Community building through social media – how police building relationships online can get you support when it really matters

Screenshot: PC Stanley's Twitter page

Recently I was having a conversation with Nick about the value of social media, the community links you can build using Twitter and blogs and the value this has in the real world, when I remembered the story of PC Richard Stanley’s blog.

PC Stanley is a blogging police officer and Twitter user from Walsall. He uses these platforms to talk to the “locals” about his job and help give plain English examples of how the police work and why things are done in a certain way sometimes. I read his blog, follow him on Twitter and have personally never found him to be anything less than factual and informative with some nice humorous banter, creme eggs, #foxwatch and competitions thrown into the mix.

A couple of months ago he wrote a piece in response to a news article in the national press where a suspected burglar was shot during an incident and the property owner who had shot him was arrested.

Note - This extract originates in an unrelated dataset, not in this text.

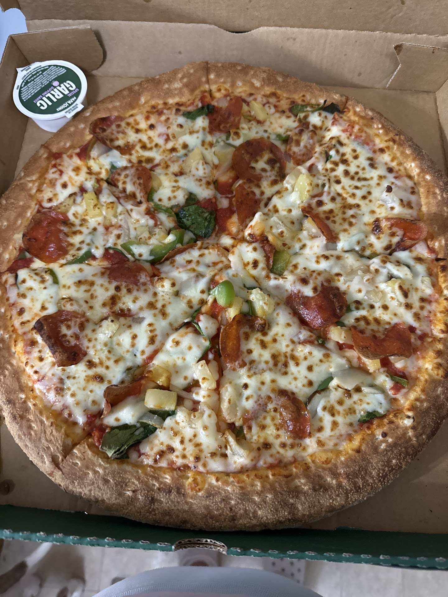 Read moreI order from here all the time and barely have an issues, well, tonight I have a problem. I requested certain toppings on my pizza: Black olives Fresh spinach Green peppers Onions Pepperoni Pineapple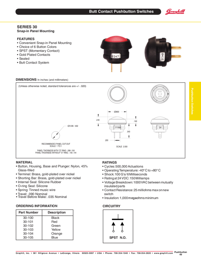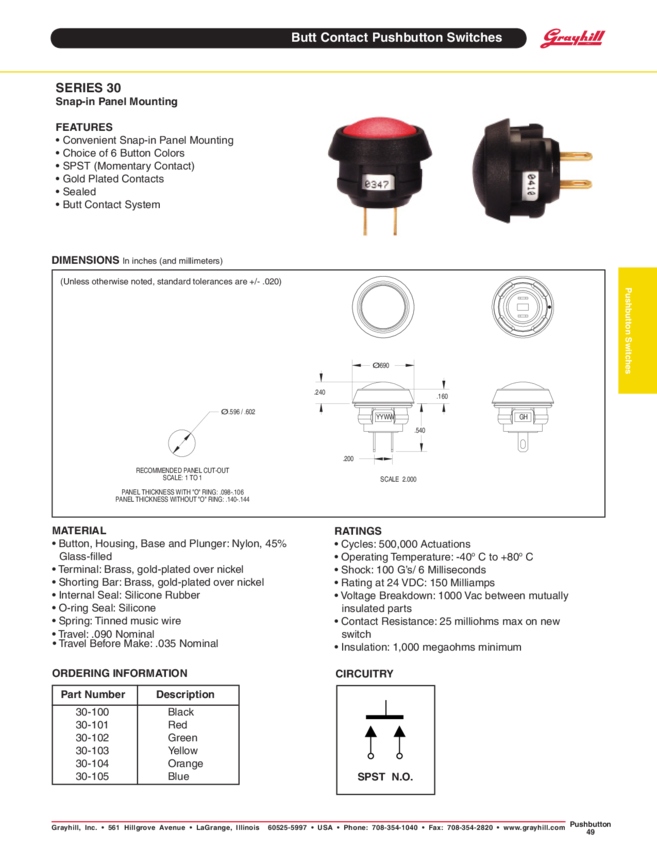 Switch Push Button N.O. SPST Round Curved Button 0.25A 48VDC Maintained Contact Solder Lug Panel Mount

It was a factual piece that explained, from a policing point of view, why sometimes the “victim” of the burglary can also end up being arrested along with the burglar in cases like this. It was written so that it would be easy for the public to digest – and I felt it was. It was informative without being patronising and a good insight into how a decision to arrest someone could be made.

However, what wasn’t easy for regular readers to digest was what happened next. His blog’s comment section exploded with anonymous commentators condescending and, in some cases, outright insulting PC Stanley. It wasn’t an argument about the accuracy of any details in the blog but an inference he was doing something wrong by engaging in this way and “toeing the party line.”

One of the local “tweeters” spotted this and put out a “call to arms” and they responded (myself included – although I don’t live in Walsall, but drink there often enough) to defend PC Stanley and his right to blog in any way he pleased.

Through a series of blog post and 140 character updates on Twitter PC Stanley had built a community that were willing to stand up and show support when people with an axe to grind targeted him. As it stands there are 90 comments on this one post. About a third of the way into the comments, you can see how the tide changed from criticism to support as more and more local bloggers stepped in to defend PC Stanley. The anonymous commentators really underestimated the strength of feeling their attack would provoke, with one person even inferring our comments weren’t genuine:

“A large number of comments have been critical of PC Stanley’s blog, and there’s been a moderate number of comments in support of him, but then the pattern changes and a number of comments suddenly have become somewhat biased in his ‘favour’. A modern day Glavit alive and well.” [sic]

We were, and are, real. Although few of us have actually met PC Stanley in person we all felt strongly that he was being targeted and more so because he was being criticised on how he had chosen to engage with us. PC Stanley didn’t ask for our support. He did tweet that the post was provoking conversation but at no point did he say “Hey guys come defend me.” He didn’t have to – he had a ready made community willing to stand up for him that had been built over time through engagement.

Whatever your view is on the original article and subsequent comments is irrelevant here. What I’m trying to highlight – and in my opinion what is fantastic about this story – is PC Stanley hadn’t done anything unique or ground breaking. He simply went out and talked to people using the tools that were available to him to bring the conversation to us; the community relationships built from this meant that we were more than willing to step up to the plate when we thought it mattered.

Social media matters and the relationships and community you can build through these different networks are valuable and very real.